Rauschen

Dröhnend rauscht es in den Ohren.
Nur vage zu erahnen, nur zum Denken auserkoren.
Es nimmt so viel mit, es lässt alles zurück –

Wohin ist es verschwunden,
das ganze, das einzigartige, dieses geheime
Stück vom Glück?

Gefressen von Fragen und Fragen über Fragen,
kaum zu erahnen, was diese in sich vergraben.
Nehmen sie alles davon, bringen die Wirklichkeit –

Im Glauben daran, es hätte doch noch ein
wenig Zeit, ein bisschen mehr wäre da gewesen,
so war es deutlich in diesen zwei
wundervollen Augen zu lesen.

Vertraut und plötzlich doch so fern,
erloschen wie ein leuchtend heller Stern,
Liebe war es, die es verschreckte,
auch wenn so viel Gutes in ihr steckte.

02022020 

Auf der Suche

Verlaufen
auf dem Weg nach
Hause, zu mir zurück.

Immer auf der Suche
liegst in der Ewigkeit wach,
findest doch kein Glück.

Verirrt
durch alle Gärten der Welt,
gewandelt ohne Plan.

Unwissend immer voran,
doch nichts was Dich hält,
ein knappes Stück am Wahnsinn entlang.

Vergessen
jeden Schmerz, jede Träne,
die Du unachtsam vergossen.

Und immer
in unendlicher Liebe Dich wähnend
– jede Liebe endlos genossen.

281219

Es passiert

Es gibt keine Logik. Das wird dir dann klar, wenn die Scheissrealität wieder beginnt zu schwimmen.

Aus jedem Plan wird ein geknüllter Papierball und du wirfst einfach alles über den Haufen, weil du gar nicht anders willst und gar nicht anders kannst.

Die Misere deiner Zeit ist, dass nur die anderen Krisen haben und es dir gut geht. Euch allen.

Du akzeptierst, dass du ein moralisch verwerflich handelnder Mensch bist. Und zum ersten Mal scheint dir Kästner so nah und auch so fern zugleich, denn du tust es ja – das Gute, was für dich wenigstens gut ist.

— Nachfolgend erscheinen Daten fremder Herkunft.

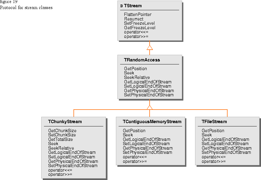 If you want to stream data to a disk file, use an instance of TFileStream. Instead of being associated with virtual memory, a TFileStream object is associated with an instance of TFile as specified in the constructors for TFileStream. Other than this, the protocol for memory streams is identical to file streams. Most importantly, because of the common protocol shared by memory streams and file streams, you can switch between types of streams later if you decide a different type of stream is more appropriate for your application.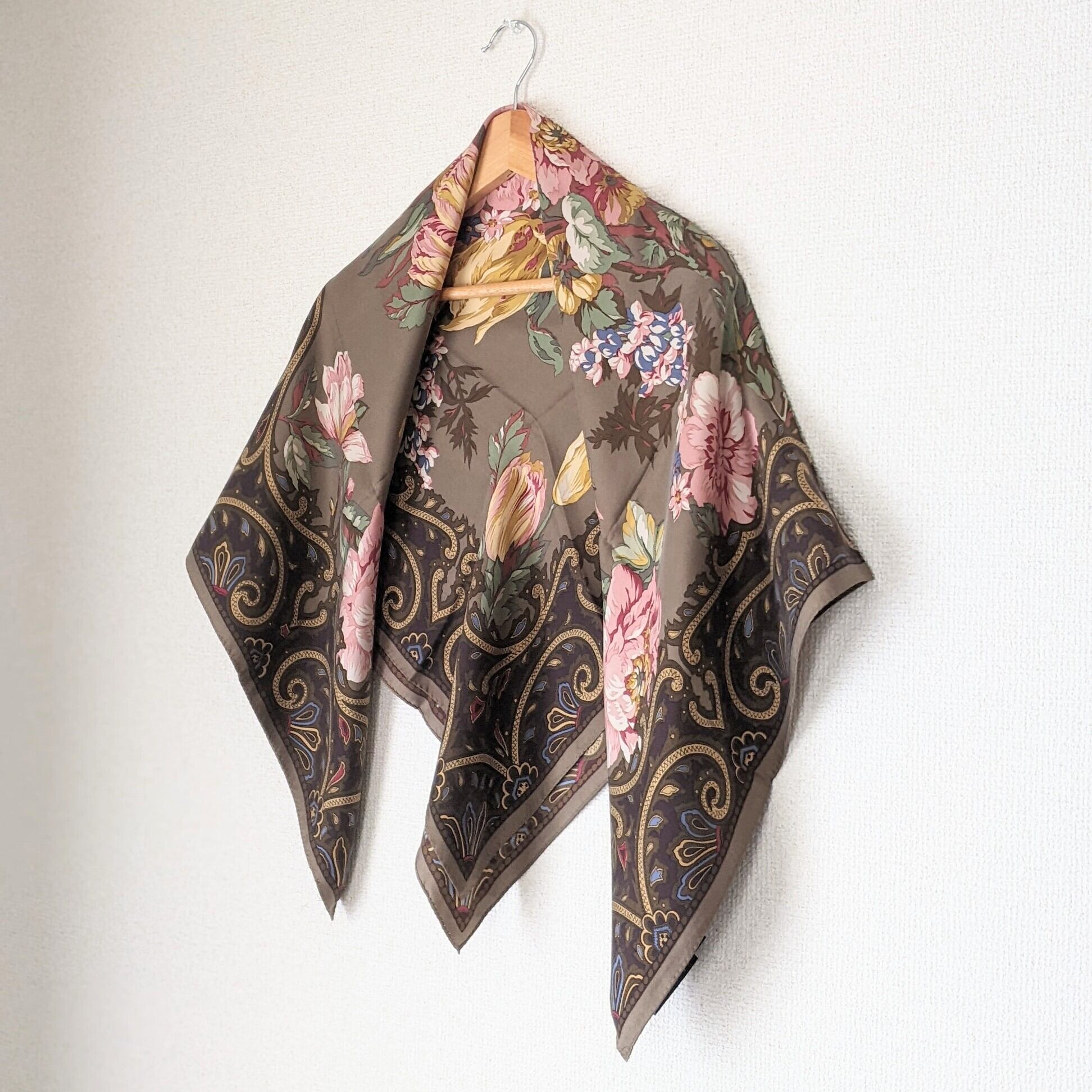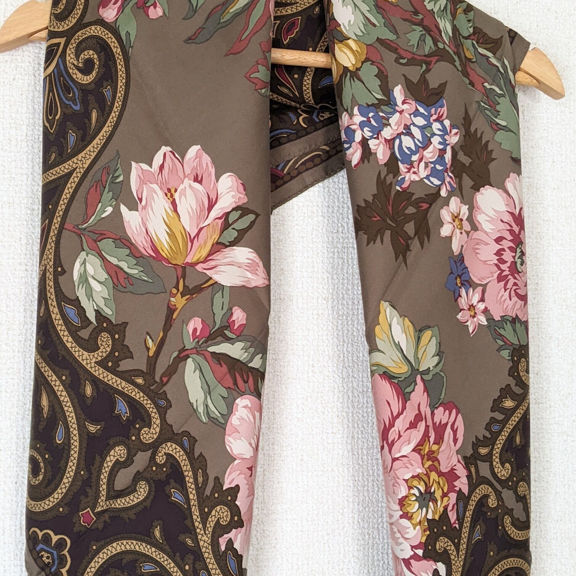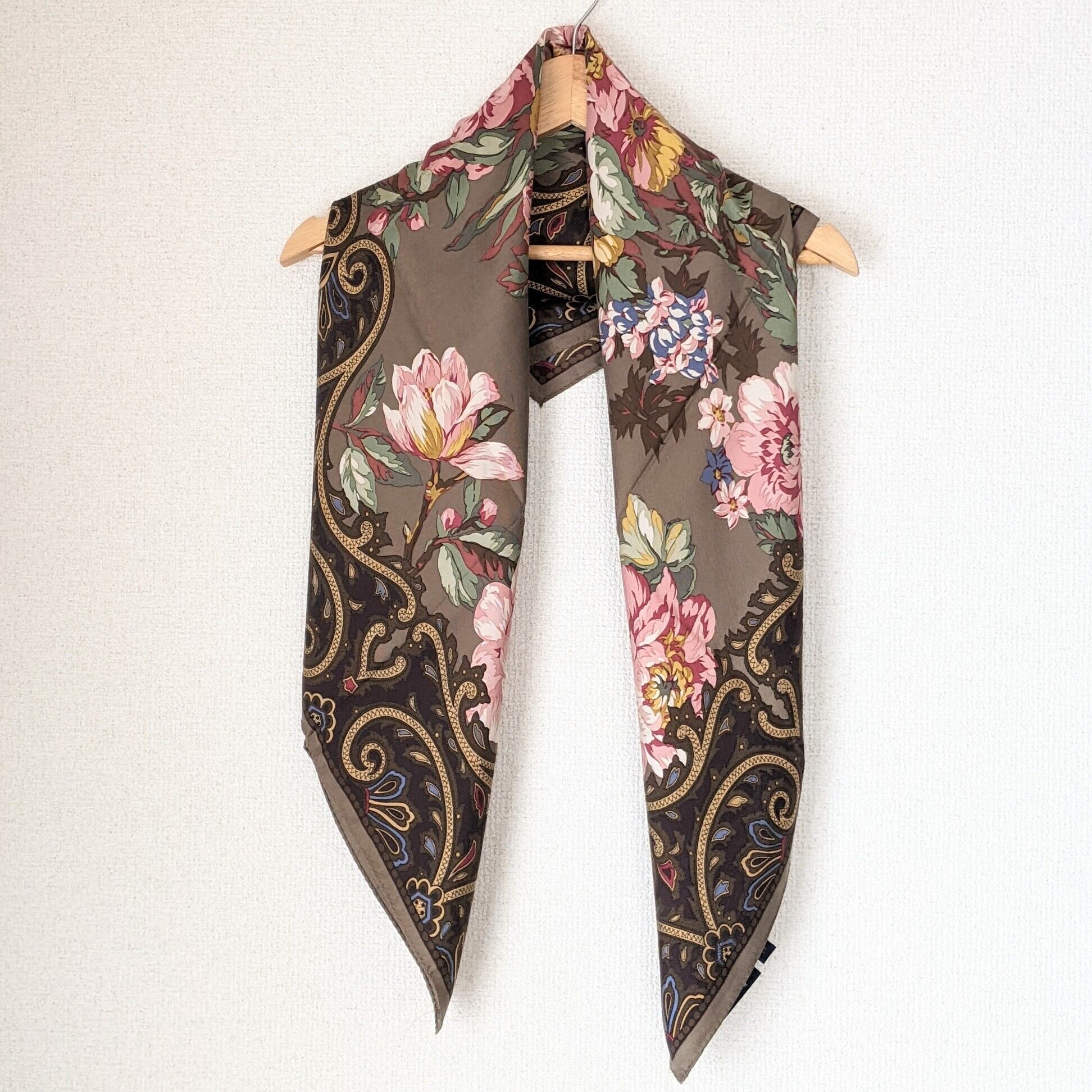 ラルフローレンの正方形大判スカーフ。落ち着いたブラウンベースにピンクのアンティークローズが優雅に咲いている姿はまるでイングリッシュガーデンのようです。

Der Rest passiert sowieso. Oder auch nicht.

Du bist anders und schwimmst mit dem Strom, in dem alle anders sind und keiner gleich. Und doch will jeder dasselbe und jeder zieht ganz eigennützig seine Schlüsse zum Besten des eigenen Gefühls.

Ihr habt keine Probleme, also erschafft ihr welche. Server down. Abgebrochener Fingernagel. Kein CSI:Miami, weil die Arbeit länger dauert und der Recorder nicht eingestellt war. Die Tragik der Moderne überwindet jede Logik.

Und die Beziehungen, die du führst, werden immer unlogischer. Glück ist eine Farce, weil sich das alles nur in deinem Kopf abspielt. Betrachtest du die zweite Seite der Medaille, geht es dir nicht beschissen. Du hast ein Bett und genug zu fressen, was beschwerst du dich.

Der Rest passiert sowieso. Oder auch nicht.

Und dann sitzt du da, jeden Tag. Jeden Abend. Und fragst dich nicht einmal mehr, wohin es dich geführt hat. Keine Moral und keine Logik. Nur schemenhafte Schatten, von denen, die wir glauben zu sein.

Dann nimmst du deine kleine Maschine und tippst ein paar Worte, machst daraus Zeilen, lässt sie ein paar Minuten zappeln und verweilen. Dann drückst du „Senden“ und schickst sie ab.

Wer sie liest, wird niemals jemand erfahren. Auch der Inhalt bleibt der Welt verborgen.

Ich verrate es. Na angeschaut habe ich dich. Wusste nicht wie reagieren im ersten Moment. Ich mag deine Küsse.

Phrasen und Worte, tickerticker und ein Aufleuchten. Von kleinen Ioden und von Augen. Augenblicken. Gedankenfetzen und Erinnerungsstückchen. An einen längst vergessenen Traum.